Oxford University’s Philosophy Faculty is to introduce an undergraduate paper on feminist philosophy.
Two new professors in the subject have recently been appointed by the faculty to help teach the new part of the course.
Chair of the Philosophy Faculty Board and Fellow at Keble College, Dr Edward Harcourt told Cherwell: “Some of the most interesting new work in philosophy in recent years – in epistemology, in social and political philosophy, in metaphysics, ethics, moral psychology, in the philosophy of language, in aesthetics, and in other areas besides – has been done by philosophers who are also feminists.”
In reference to the new paper, he added: “We want to do this partly just because it’s interesting, and partly to raise the profile and status of feminist philosophy at Oxford and send the message to our female students that philosophy is for you. We expect the paper to be very popular – and of course you won’t have to be female in order to do it! – and you can’t introduce a new undergraduate paper with just one staff member.”
Harcourt stressed that feminist philosophy had been studied at Oxford before and had composed part of the interdisciplinary Women’s Studies Masters programme.
The first university post in feminist philosophy was appointed last year to Professor Mari Mikkola of Somerville College. Following on from these two new appointments, the Faculty also intends to hire at least one more feminist philosopher by the end of next year.
Professor Mikkola told Cherwell: “Feminist philosophy is a rather new sub-discipline in philosophy, but has gone from being a niche topic to being in the mainstream over the past 20 years.

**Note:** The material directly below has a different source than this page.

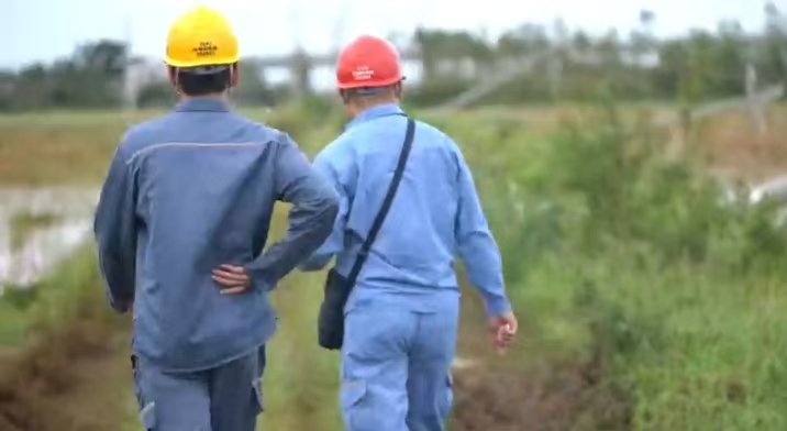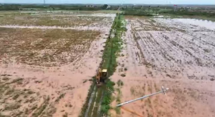 今天下午主要的工作任务是这条10千伏线路的修复,这条线路影响周围两条村大概几百户用电,由于有好多条电杆被台风吹倒,电杆又在水田中,抢修难度比较大
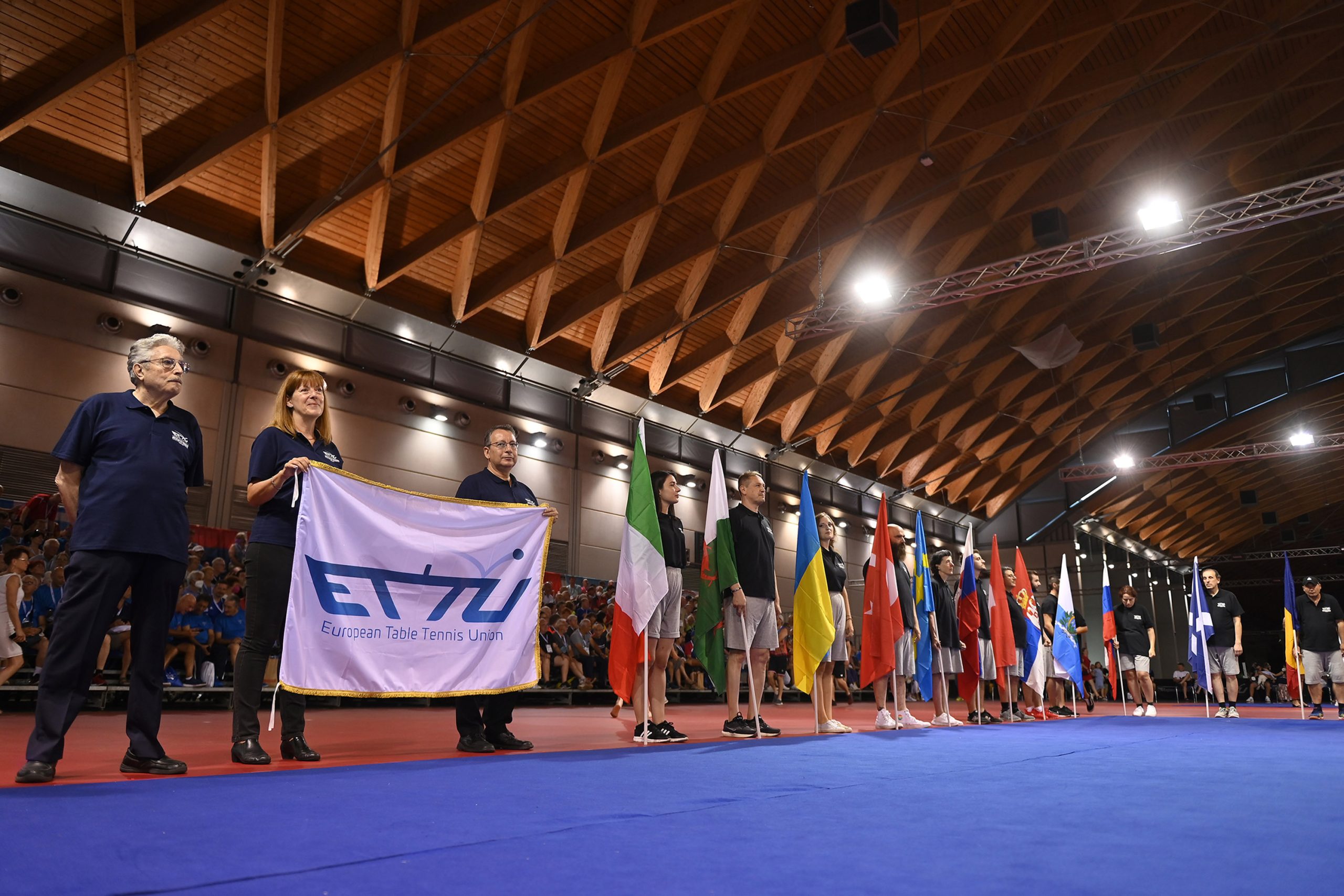 The parade of flags of the 42 participating countries was held on the notes of the Inno alla Gioia and the acting president of the European Table Tennis Union Pedro MOURA spoke: “Dear friends it is a pleasure for me to see you at this ceremony of the European Veterans Championships. This event and these fantastic athletes are the best example of table tennis in Europe. You are all proof of how we can continue to love our sport at all ages. After three years of great difficulties the three thousand players who are present here in Rimini are an incredible number. And we warmly welcome our first ever para competition at the Veterans Championships. I wish the championships the success they deserve and I declare them officially open”.

It is certainly no longer neglected in English-speaking Anglo-American philosophy as a whole, though it has not been prominent in Oxford and has only recently been promoted here.
“It seems to me that students have been rather unaware of feminist contributions to philosophy. I suspect that this will change hugely once feminist philosophy becomes more prominent in Oxford and once feminist topics are more widely available and better integrated in the undergraduate curriculum.
“Many Oxford philosophy students are likely to go into work that drafts policy and shapes politics. Understanding better what socially engaged philosophy, like anti-racist and feminist philosophy, are about will hopefully enable people to change the world in a way that fosters social justice.
“Theory-internally, I hope that philosophers will come to understand how political sensitivities can helpfully shape our philosophical theorising. There is a traditional tendency to think of philosophy as being value-free, objective inquiry about the way the world is. I think that this view of philosophy is mistaken and that all philosophising starts from some or other perspective undergirded by normative commitments. This does not make philosophy subjective or anything goes discipline, where “everything is relative”. Rather, I think that viewing the world through certain lenses can give us a clearer idea about what the facts of the matter are.”
She added: “There is clearly a student demand for feminist philosophy. Before the new paper is up and running, I am doing a specialist subject on feminist philosophy in MT18, which has filled up and was hugely oversubscribed within hours of being advertised to our undergraduate students.”
Fellow in Philosophy at Mansfield College and contributor to the Women’s Studies Master’s Programme, Professor Katherine Morris said: “Some would argue that rather than having a specific paper on ‘feminist philosophy’, all thematic papers ought to include feminist perspectives, so ‘feminist philosophy’ no longer looks like a strange and specialist subject. I have some sympathy for that argument, but maybe having a Feminist Philosophy paper is a first step towards that.”
Speaking to Cherwell, Professor Morris also explained how the Faculty has attempted to “diversify” the reading-lists for their other undergraduate papers. The Faculty have revised reading lists for each topic by ensuring that 40% of the recommended articles are written by women and by changing the form of author listing so that first names are given rather than initials.
A representative of the UK national Society for Women in Philosophy, Jennifer Saul, told Cherwell: “There are many reasons that feminist philosophy has been neglected. One is, of course, that things have to do with women are traditionally neglected. But there are also quite a lot of other reasons, such as the (false) belief that philosophy is about timeless truths has led many to think that engaged work like feminist or anti-racist philosophy aren’t really philosophy. There are even somewhat mundane reasons certain institutions have been slower: In a system like Oxford’s, you can’t just add modules in staff members’ research areas whenever you like.
“The reason, I think, that feminist philosophy is so popular, is that it’s so important: philosophy that engages with real world issue is philosophy that matters to people’s lives.
“The idea that philosophy shouldn’t be like this is utterly misguided. I’m very pleased to see a rise in engaged philosophy around the world, and the increasing investment in feminist philosophy is a key part of this.”
The Oxford University Philosophy Society told Cherwell: “We’re very pleased that the paper is being introduced; it’s absolutely right that undergraduates should be able to explore the extensive and sophisticated work that’s been done in the field over many years.
“Our understanding is that the ten places in the class that will run next year were all filled within little more than 24 hours of it being advertised, so the subject definitely seems set to be popular!”